是C ++中的有符号整数溢出仍然未定义的行为? [英] Is signed integer overflow still undefined behavior in C++?
问题描述
我们知道,有符号整数溢出是未定义的行为。但有一些有趣的C ++ 11 cstdint
文档:
有符号整数类型的宽度分别为8,16,32和64位,分别没有填充位和对负值使用2的补码(仅当实现直接支持类型时提供)
这里是我的问题:因为标准明确说明 int8_t
, int16_t
, int32_t
和 int64_t
负数是2的补码,这些类型未定义的行为?
编辑我检查了C ++ 11和C11标准,这是我发现:
C ++ 11,§18.4.1:
标题定义所有函数,类型,和
C11,§7.20.1.1:
typedef名称
intN_t
表示宽度为N的有符号整数类型,无填充位和二进制补码表示形式。因此,int8_t
表示这样一个宽度为8位的有符号整数类型。
$ b
是。根据C ++ 11标准的第5/4节(一般来说,任何表达式):
如果在计算表达式期间,结果不是数学定义的,或者不在其类型的
可表示值的范围内,则行为未定义。 [...]
二进制补码表示用于这些有符号类型的事实并不意味着算术模2 ^
关于无符号算法,另一方面,标准明确规定(第3.9.1节/ 4):
无符号整数,声明为
unsigned
,算术定律模2 ^ n 其中n是整数的特定大小的值表示中的位的数字
这意味着无符号算术运算的结果总是数学定义的,结果总是在可表示的范围内;因此,5/4不适用。脚注46解释了这一点:
46)这意味着无符号算术不会溢出,由结果
无符号整数类型表示的数字减去模数,该数字大于可以由
表示的最大值的一个数,得到无符号整数类型。
As we know, signed integer overflow is undefined behavior. But there is something interesting in C++11 cstdint
documentation:
signed integer type with width of exactly 8, 16, 32 and 64 bits respectively with no padding bits and using 2's complement for negative values (provided only if the implementation directly supports the type)

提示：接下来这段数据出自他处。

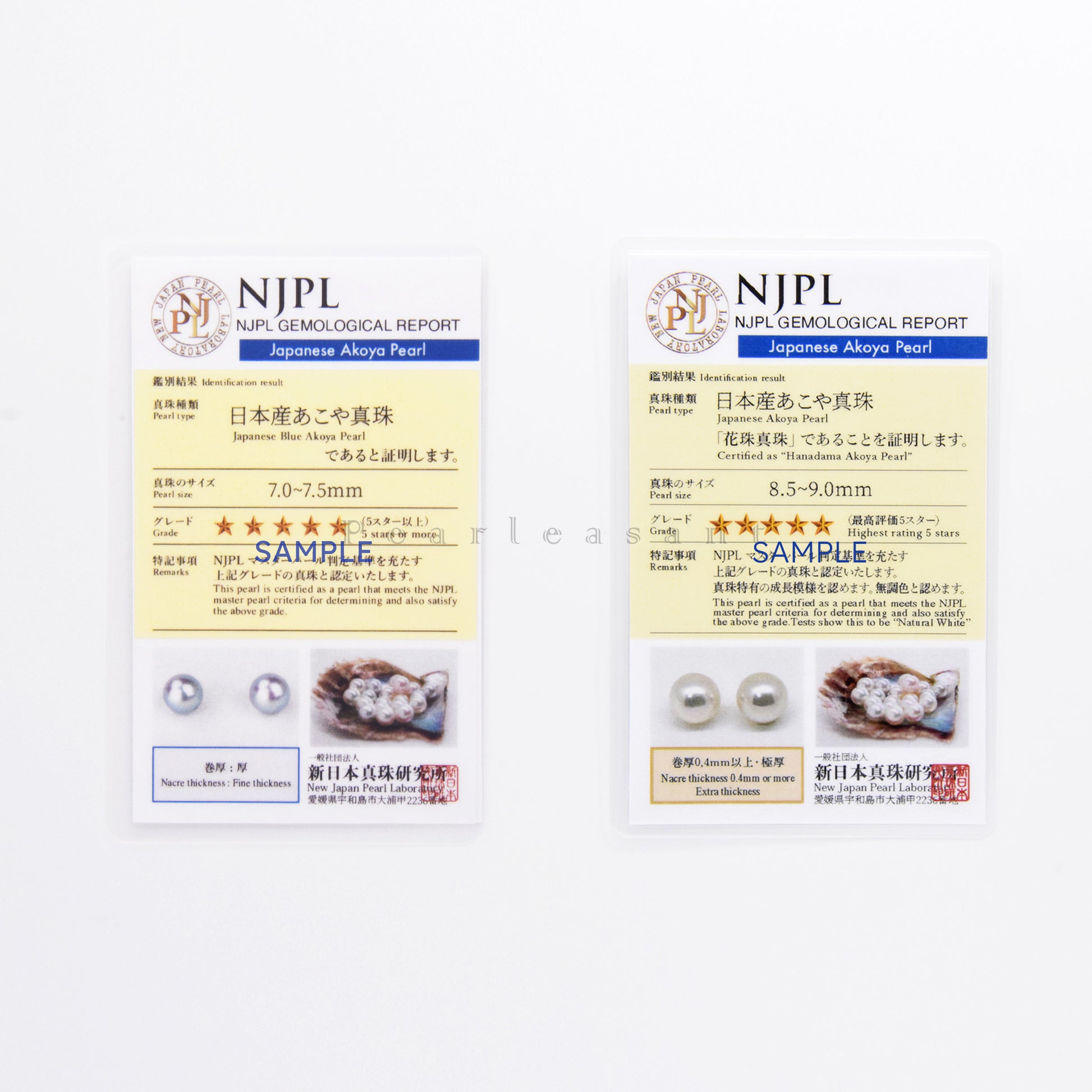 Certificate: 5-star grade Japanese Blue Akoya Pearl & 5-star Hanadama (花珠真珠) natural white (無調色) certified by New Japan Pearl Laboratory

And here is my question: since the standard says explicitly that for int8_t
, int16_t
, int32_t
and int64_t
negative numbers are 2's complement, is still overflow of these types an undefined behavior?
Edit I checked C++11 and C11 Standards and here is what I found:
C++11, §18.4.1:
The header defines all functions, types, and macros the same as 7.20 in the C standard.
C11, §7.20.1.1:
The typedef name
intN_t
designates a signed integer type with width N, no padding bits, and a two’s complement representation. Thus,int8_t
denotes such a signed integer type with a width of exactly 8 bits.
is still overflow of these types an undefined behavior?
Yes. Per Paragraph 5/4 of the C++11 Standard (regarding any expression in general):
If during the evaluation of an expression, the result is not mathematically defined or not in the range of representable values for its type, the behavior is undefined. [...]
The fact that a two's complement representation is used for those signed types does not mean that arithmetic modulo 2^n is used when evaluating expressions of those types.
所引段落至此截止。